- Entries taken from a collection
--*--

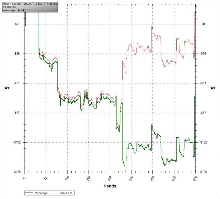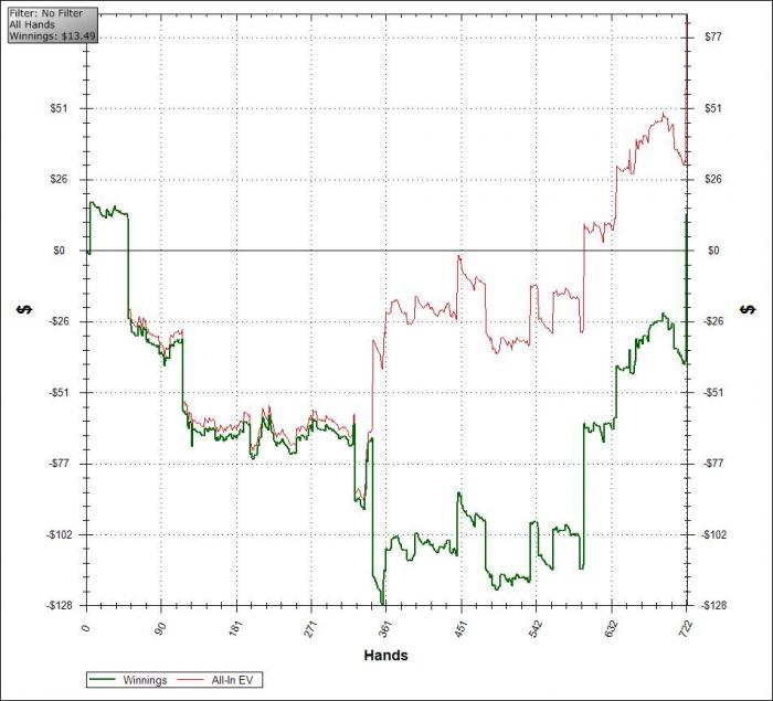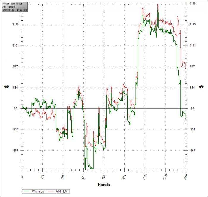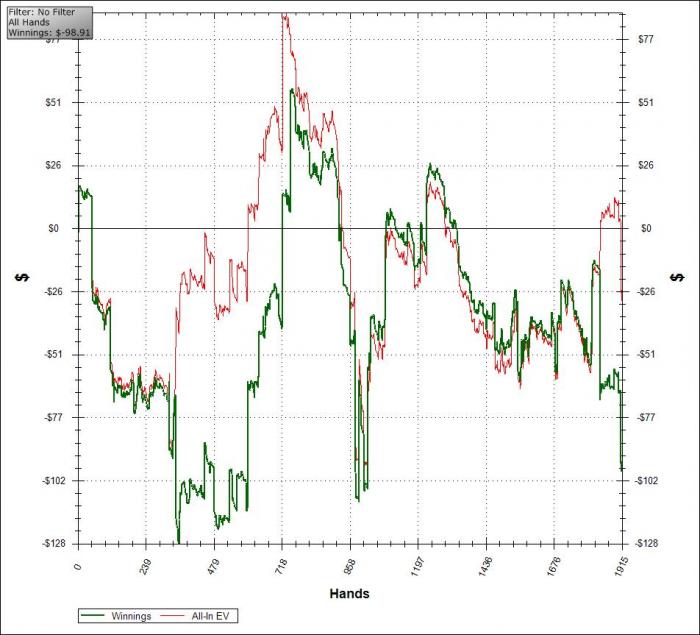И так немного о покерных делах. Играл немного nl50, сегодня меня тренировал местный форумчанин Feid, за что ему отдельное спасибо :) На pokerstars как всегда бедбиты и кулеры (флеш на флеш с флопа, аллын на тёрне и оппоненту доезжают 4 аута), на fulltilt - всё ок. По EV винрейт получается вполне приличный кстати. Нашли кучу ликов в моей игре, даже не искали - они сами в глаза бросались. Прикладываю график, руки как-то не по времени распределились... Планирую и дальше пытаться играть hu cash.
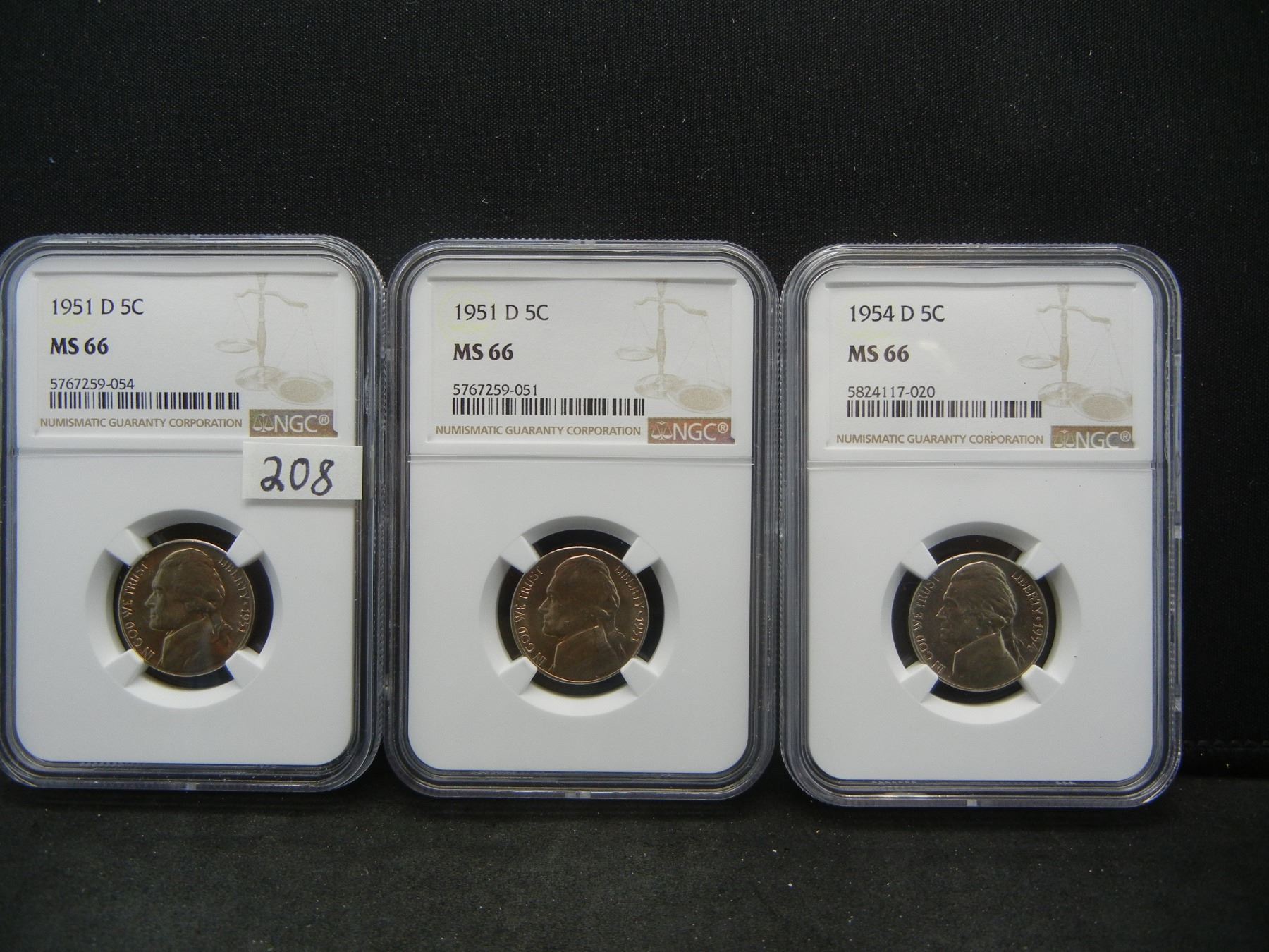 1951D+54D Jeferson Nickels NGC MS66 Better Dates
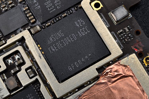 图为金立Elife S5.1主板上内置的最核心CPU芯片,该机采用了高通MSM8926四核CPU,其与RAM内存一同封装,CPU和RAM采用双层封装,手机使用三星的1GB RAM。
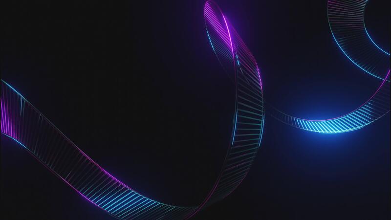 Black background with green and purple stripe. Design. Light animation from a ribbon of different colors that develops and sparkles. Pro Video
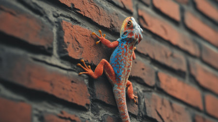 This vibrant image showcases a colorful lizard skillfully climbing a rustic brick wall, highlighting its intricate patterns and vivid colors.

--*--

The records above must be repeated in full and exactly, but without any of the pictures.

И так немного о покерных делах. Играл немного nl50, сегодня меня тренировал местный форумчанин Feid, за что ему отдельное спасибо :) На pokerstars как всегда бедбиты и кулеры (флеш на флеш с флопа, аллын на тёрне и оппоненту доезжают 4 аута), на fulltilt - всё ок. По EV винрейт получается вполне приличный кстати. Нашли кучу ликов в моей игре, даже не искали - они сами в глаза бросались. Прикладываю график, руки как-то не по времени распределились... Планирую и дальше пытаться играть hu cash.
 1951D+54D Jeferson Nickels NGC MS66 Better Dates
 图为金立Elife S5.1主板上内置的最核心CPU芯片,该机采用了高通MSM8926四核CPU,其与RAM内存一同封装,CPU和RAM采用双层封装,手机使用三星的1GB RAM。
 Black background with green and purple stripe. Design. Light animation from a ribbon of different colors that develops and sparkles. Pro Video
 This vibrant image showcases a colorful lizard skillfully climbing a rustic brick wall, highlighting its intricate patterns and vivid colors.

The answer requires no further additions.